Moro, Daniele
Custom Gradient Estimators are Straight-Through Estimators in Disguise
Schoenbauer, Matt, Moro, Daniele, Lew, Lukasz, Howard, Andrew
Quantization-aware training comes with a fundamental challenge: the derivative of quantization functions such as rounding are zero almost everywhere and nonexistent elsewhere. Various differentiable approximations of quantization functions have been proposed to address this issue. In this paper, we prove that a large class of weight gradient estimators is approximately equivalent with the straight through estimator (STE). Specifically, after swapping in the STE and adjusting both the weight initialization and the learning rate in SGD, the model will train in almost exactly the same way as it did with the original gradient estimator. Moreover, we show that for adaptive learning rate algorithms like Adam, the same result can be seen without any modifications to the weight initialization and learning rate. These results reduce the burden of hyperparameter tuning for practitioners of QAT, as they can now confidently choose the STE for gradient estimation and ignore more complex gradient estimators. We experimentally show that these results hold for both a small convolutional model trained on the MNIST dataset and for a ResNet50 model trained on ImageNet.
PikeLPN: Mitigating Overlooked Inefficiencies of Low-Precision Neural Networks
Neseem, Marina, McCullough, Conor, Hsin, Randy, Leichner, Chas, Li, Shan, Chong, In Suk, Howard, Andrew G., Lew, Lukasz, Reda, Sherief, Rautio, Ville-Mikko, Moro, Daniele
Low-precision quantization is recognized for its efficacy in neural network optimization. Our analysis reveals that non-quantized elementwise operations which are prevalent in layers such as parameterized activation functions, batch normalization, and quantization scaling dominate the inference cost of low-precision models. These non-quantized elementwise operations are commonly overlooked in SOTA efficiency metrics such as Arithmetic Computation Effort (ACE). In this paper, we propose ACEv2 - an extended version of ACE which offers a better alignment with the inference cost of quantized models and their energy consumption on ML hardware. Moreover, we introduce PikeLPN, a model that addresses these efficiency issues by applying quantization to both elementwise operations and multiply-accumulate operations. In particular, we present a novel quantization technique for batch normalization layers named QuantNorm which allows for quantizing the batch normalization parameters without compromising the model performance. Additionally, we propose applying Double Quantization where the quantization scaling parameters are quantized. Furthermore, we recognize and resolve the issue of distribution mismatch in Separable Convolution layers by introducing Distribution-Heterogeneous Quantization which enables quantizing them to low-precision.
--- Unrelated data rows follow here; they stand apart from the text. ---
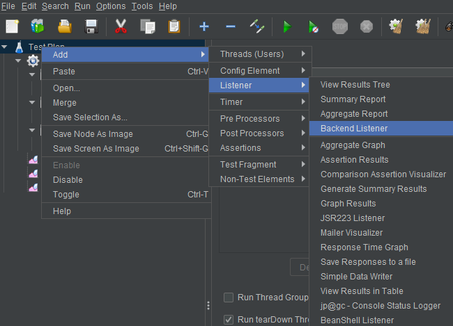 Test plan에 Add-> Listener -> Backend Listener를 추가한다.
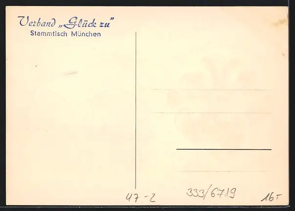 Personenbezogene Daten auf der Rückseite der Karte wurden durch blauen Textmarker unkenntlich gemacht. Die blauen Stellen sind auf die Vorderseite durchgeweicht und wirken sich negativ auf das Postkartenfoto aus
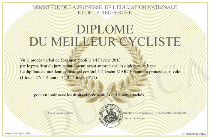 Envoyez par email votre Diplôme du meilleur cycliste personalisé
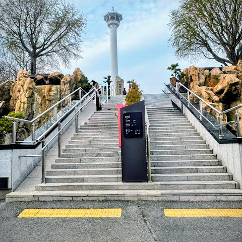 걸어서 올라갈 수도 있고, 롯데백화점에서 에스컬레이터를 이용할 수도 있습니다. 정상에는 한국 해군 이순신 장군의 동상과 유명한 부산타워가 있습니다.
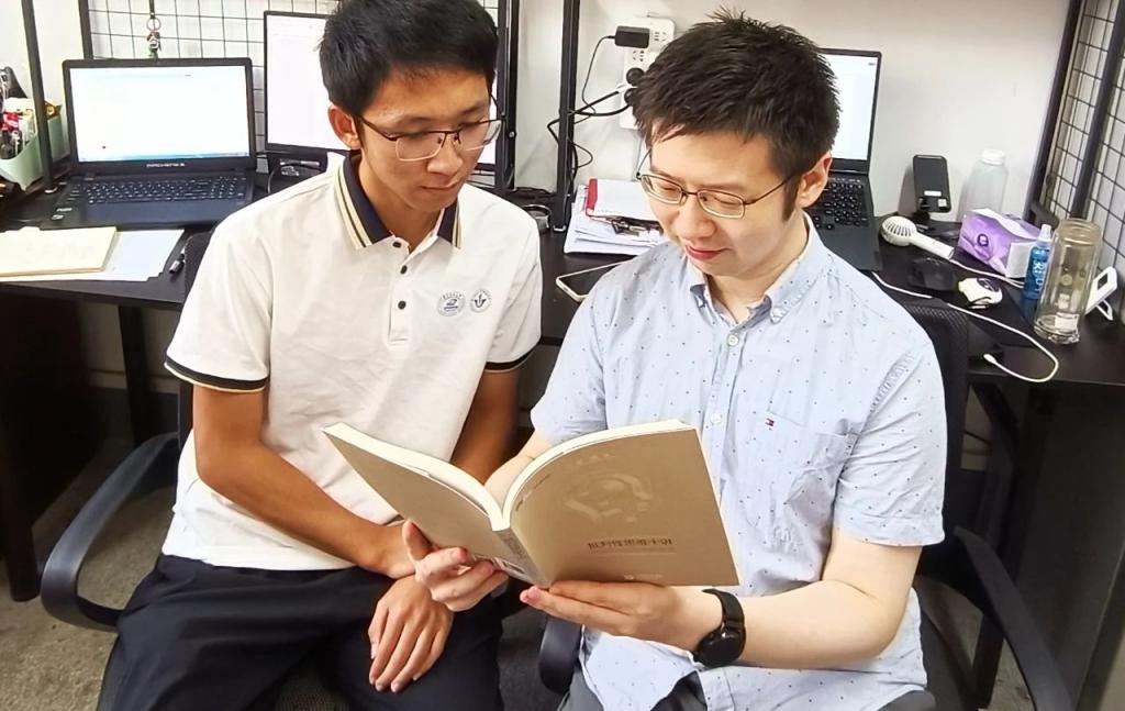 吴曈勃(右)指导学生学习批判性思维。吴曈勃供图
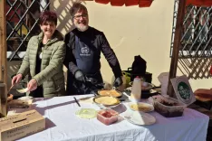 Prosvetno društvo (PD) Sotočje pa na cvetno soboto že skoraj trideset let v pokušino obiskovalcem Škofje Loke pripravlja postne jedi iz preteklosti. »Pripravljamo alelujo, loško medlo in loške smojke. Medla je prosena kaša, skuhana na vodi, zabeljena s surovim maslom. Smojke so olupljene in izdolbene drobne repice, napolnjene s proseno kašo, skuto in smetano. Aleluja pa je jed, skuhana v juhi, v kateri se je kuhalo suho meso. V njej so posušeni repni olupki in malo krompirja. Vse to se je jedlo v postnem času,« nam je povedala Kati Jesenovec iz PD Sotočje. Na Mestnem trgu so ponudbo postnih jedi razširili še s palačinkami, s katerimi so se sladkali predvsem najmlajši. Pripravili so tudi kup delavnic. Na delavnici pirhov je bilo zanimivo opazovati, kako naredijo v jajce luknjico, izpihajo rumenjak in beljak, potem pa se jajčna lupina poriše. Veliko pirhov je bilo pobarvanih v pasijonskem vzdušju, črno-rdeče … Vsebino jajc pa so porabili za palačinke. Na delavnici cvetja so obiskovalci lahko izdelovali rože iz krep papirja: telohe, žafrane, tulipane, pa tudi lične butarice. Najmlajši so bili navdušeni nad delavnico izdelovanja iz gline, kjer so izdelovali pasijonskemu in postnemu času primerne podobe Jezusa na križu. Člani PD Sotočje pa so obiskovalcem pomagali tudi pri izdelavi butaric.

PikeLPN achieves Pareto-optimality in efficiency-accuracy trade-off with up to 3X efficiency improvement compared to SOTA low-precision models.
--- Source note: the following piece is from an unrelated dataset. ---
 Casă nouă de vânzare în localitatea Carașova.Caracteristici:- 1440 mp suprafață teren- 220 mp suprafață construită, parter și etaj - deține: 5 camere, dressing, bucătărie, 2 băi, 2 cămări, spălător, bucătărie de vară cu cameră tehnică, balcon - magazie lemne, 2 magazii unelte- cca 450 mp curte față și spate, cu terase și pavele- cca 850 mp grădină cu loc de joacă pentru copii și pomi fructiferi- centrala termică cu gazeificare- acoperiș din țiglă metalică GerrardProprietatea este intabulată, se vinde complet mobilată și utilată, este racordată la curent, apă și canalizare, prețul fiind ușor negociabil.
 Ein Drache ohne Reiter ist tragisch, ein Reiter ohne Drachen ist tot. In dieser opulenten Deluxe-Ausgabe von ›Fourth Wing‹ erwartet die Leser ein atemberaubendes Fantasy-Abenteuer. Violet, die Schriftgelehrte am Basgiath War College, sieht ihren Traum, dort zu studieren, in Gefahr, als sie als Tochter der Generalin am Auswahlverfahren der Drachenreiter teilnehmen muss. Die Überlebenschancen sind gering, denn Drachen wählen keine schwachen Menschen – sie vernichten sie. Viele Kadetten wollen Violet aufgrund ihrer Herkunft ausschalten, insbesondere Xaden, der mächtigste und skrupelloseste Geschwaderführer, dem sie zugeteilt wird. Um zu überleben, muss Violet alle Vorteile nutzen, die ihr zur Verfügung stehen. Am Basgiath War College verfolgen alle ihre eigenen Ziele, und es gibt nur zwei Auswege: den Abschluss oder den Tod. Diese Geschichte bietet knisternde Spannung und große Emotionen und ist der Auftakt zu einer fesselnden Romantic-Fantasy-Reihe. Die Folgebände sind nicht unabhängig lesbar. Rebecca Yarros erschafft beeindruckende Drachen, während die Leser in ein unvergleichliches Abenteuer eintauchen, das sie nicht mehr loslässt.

Enabling Binary Neural Network Training on the Edge
Wang, Erwei, Davis, James J., Moro, Daniele, Zielinski, Piotr, Lim, Jia Jie, Coelho, Claudionor, Chatterjee, Satrajit, Cheung, Peter Y. K., Constantinides, George A.
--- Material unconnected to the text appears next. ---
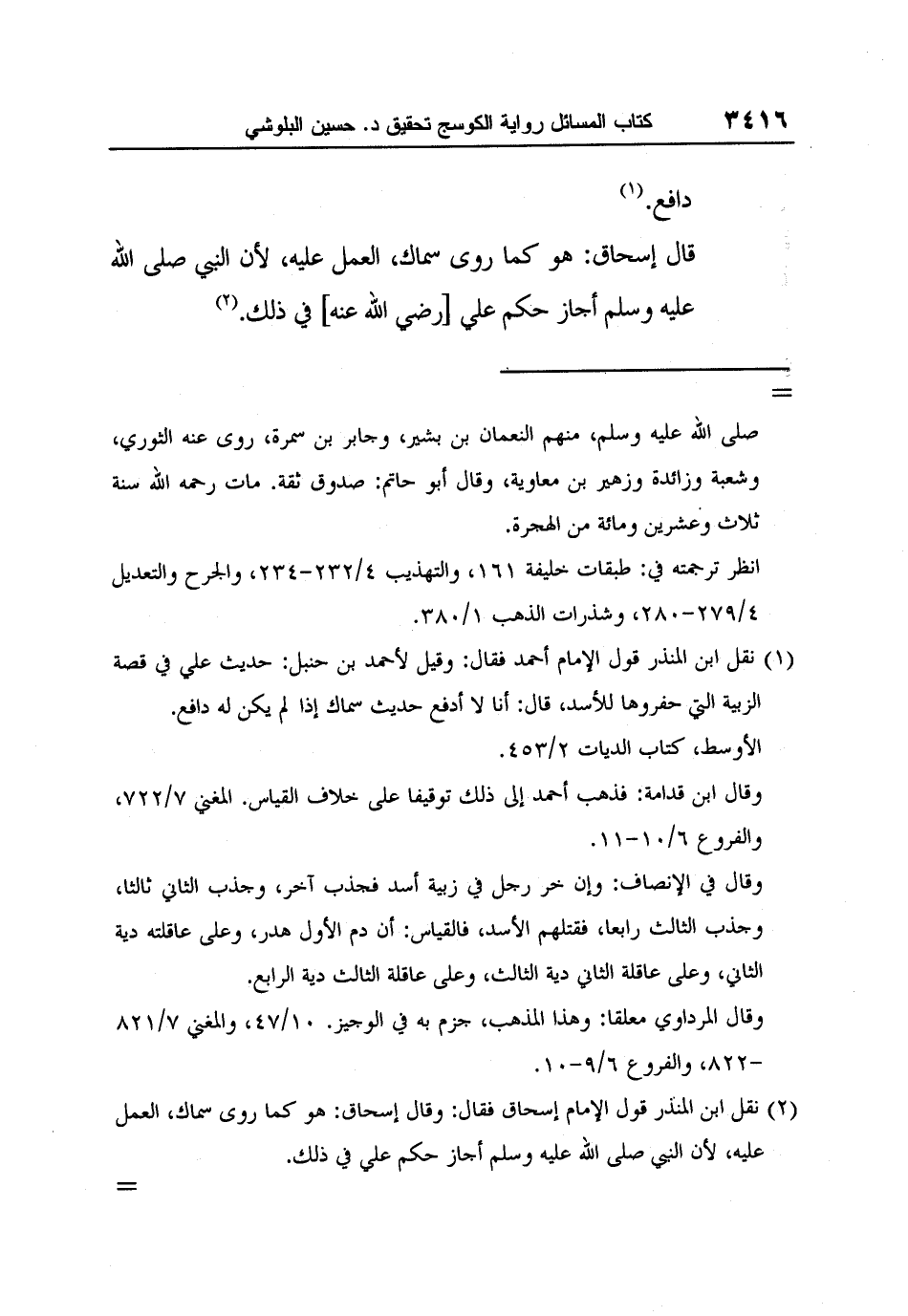 1 نقل ابن المنذر قول الإمام أحمد فقال: وقيل لأحمد بن حنبل: حديث علي في قصة الزبية التي حفروها للأسد، قال: أنا لا أدفع حديث سماك إذا لم يكن له دافع.
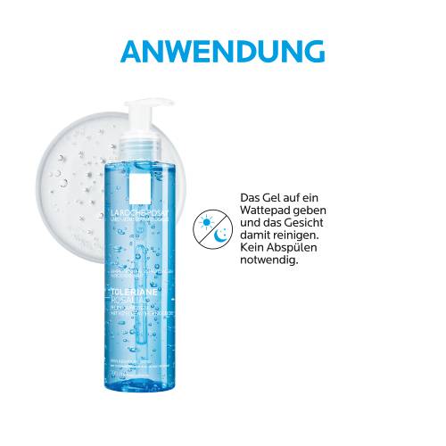 Anwendungshinweis: Das Reinigungsgel TOLERIANE ROSALIAC täglich morgens und/oder abends anwenden. Dazu den Gesichtsreiniger mit einem Wattepad oder mit den Fingerspitzen auf die Haut von Gesicht, Hals und Dekolleté auftragen. Mit kreisenden Bewegungen das Reinigungsgel verteilen und mit dem Wattepad vorsichtig abwischen. Ein weiteres Abspülen mit Wasser ist nicht notwendig. Das TOLERIANE ROSALIAC Reinigungsgel enthält keinen Alkohol und Duftstoffe. Es eignet es sich optimal bei empfindlicher und zu Rosazea oder Couperose neigender Haut. Dank des enthaltenen Thermalwassers wird die Haut beruhigt und geglättet.

The ever-growing computational demands of increasingly complex machine learning models frequently necessitate the use of powerful cloud-based infrastructure for their training. Binary neural networks are known to be promising candidates for on-device inference due to their extreme compute and memory savings over higher-precision alternatives. However, their existing training methods require the concurrent storage of high-precision activations for all layers, generally making learning on memory-constrained devices infeasible. In this article, we demonstrate that the backward propagation operations needed for binary neural network training are strongly robust to quantization, thereby making on-the-edge learning with modern models a practical proposition. We introduce a low-cost binary neural network training strategy exhibiting sizable memory footprint reductions while inducing little to no accuracy loss vs Courbariaux & Bengio's standard approach. These decreases are primarily enabled through the retention of activations exclusively in binary format. Against the latter algorithm, our drop-in replacement sees memory requirement reductions of 3--5$\times$, while reaching similar test accuracy in comparable time, across a range of small-scale models trained to classify popular datasets. We also demonstrate from-scratch ImageNet training of binarized ResNet-18, achieving a 3.78$\times$ memory reduction. Our work is open-source, and includes the Raspberry Pi-targeted prototype we used to verify our modeled memory decreases and capture the associated energy drops. Such savings will allow for unnecessary cloud offloading to be avoided, reducing latency, increasing energy efficiency, and safeguarding end-user privacy.